Increasing Access to the Ballot Box: As states around the country move to restrict voting rights, Maryland continued to focus on making it easier for all eligible voters to have voices heard. Mail-in voting is continuing to gain in popularity and we made sure that voters who forget to sign their mail-in ballot have the opportunity to fix, or “cure,” it in time for that vote to be counted. In addition, we allowed local boards of elections to begin canvassing mail-in ballots ahead of Election Day to avoid delays in communicating results (SB163/HB682). Finally, we codified the cost-split between the State and our local jurisdictions relating to administering elections to maintain robust access through minimizing expenses.
Celebrating Black History: Maryland, like the rest of the country, owes an immense debt of gratitude and recognition to our Black residents. Black History Month is critical, but insufficient, to recognizing those contributions that literally built our State and nation, as well as the heroic actions of Black servicemen and women who fought and died for our national interests. It’s rare that the Maryland General Assembly creates new commemorative days in statute, however we codified Juneteenth National Independence Day (HB227) and Tuskegee Airmen Commemoration Day (SB5/HB479) in an effort to acknowledge those legacies.
Developing a 21st Century Workforce: Small businesses and industries in every economic sector have dealt with workforce shortages in recent months. Although there is no one cause, we know there is a massive gap between the job requirements and skills in a 21st century economy, and people trained to meet those prerequisites. To help alleviate those issues, the Maryland General Assembly passed a number of bills to increase opportunity through drastically scaling up apprenticeship training programs across the State (SB926) and connect more young people to those experiences (SB420). We also expanded the applicability of the tax credit to employers who hire individuals with disabilities to make those jobs more accessible (SB93).
Bolstering Cybersecurity: The downage on the Maryland Department of Health’s website at the beginning of the Omicron wave underscored the urgent need to enhance Maryland’s cybersecurity apparatus, funding, and procedures. The Maryland General Assembly worked with the Governor’s office and State agencies to fund the Cyber Preparedness Unit within the MD Department of Emergency Management (SB754/HB1202), develop a long-term plan to update IT systems and local governments pay for upgrades (SB811/HB1205), and centralize authority with the MD Department of Information Technology including regular risk assessments (SB812/HB1346). In addition, the FY 2023 operating budget includes $570 million for proactive cyber infrastructure investments to immediately fend off potential attacks.

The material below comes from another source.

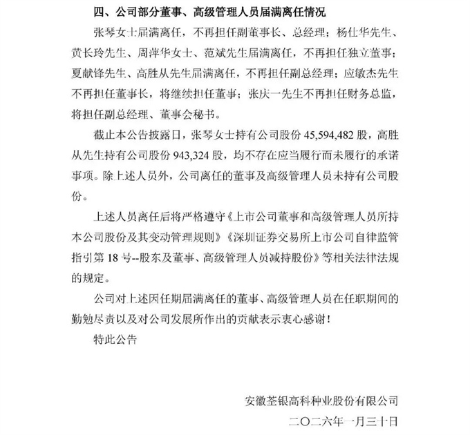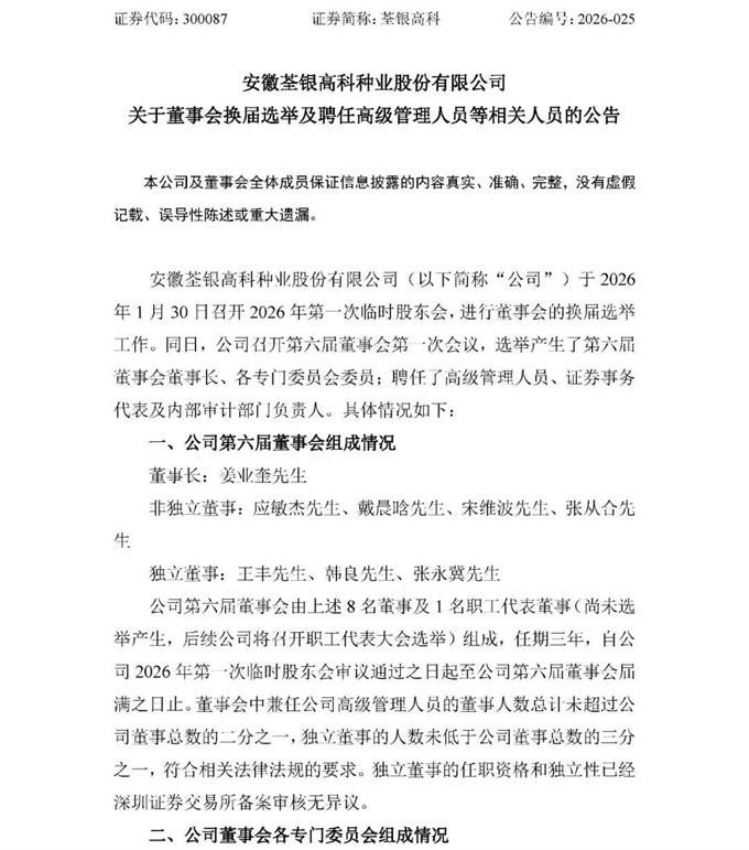 值得关注的是,同一天荃银高科召开2026年第一次临时股东会,选举产生了5名非独立董事和3名独立董事,并于当天召开董事会,完成了新一届董事长、专门委员会及高级管理人员的选举及聘任。

Finally, HB 632 Baltimore East–West Corridor – Transit Study – Requirements establishes project planning requirements, contingent on the receipt of federal funds, for the Maryland Department of Transportation for the “Red Line” and the MARC rail extension to the Johns Hopkins Medical Center. This bill effects District 44 as “Red Line” is defined as a rail transit facility using one or more vehicles operating in tandem on a fixed rail in a combination of at-grade, elevated, and underground configurations through Baltimore City and Baltimore County along a generally east to west alignment between the terminus of Security Boulevard on the west and the Johns Hopkins Bayview Medical Center on the east, connecting as appropriate to other fixed-route transit services.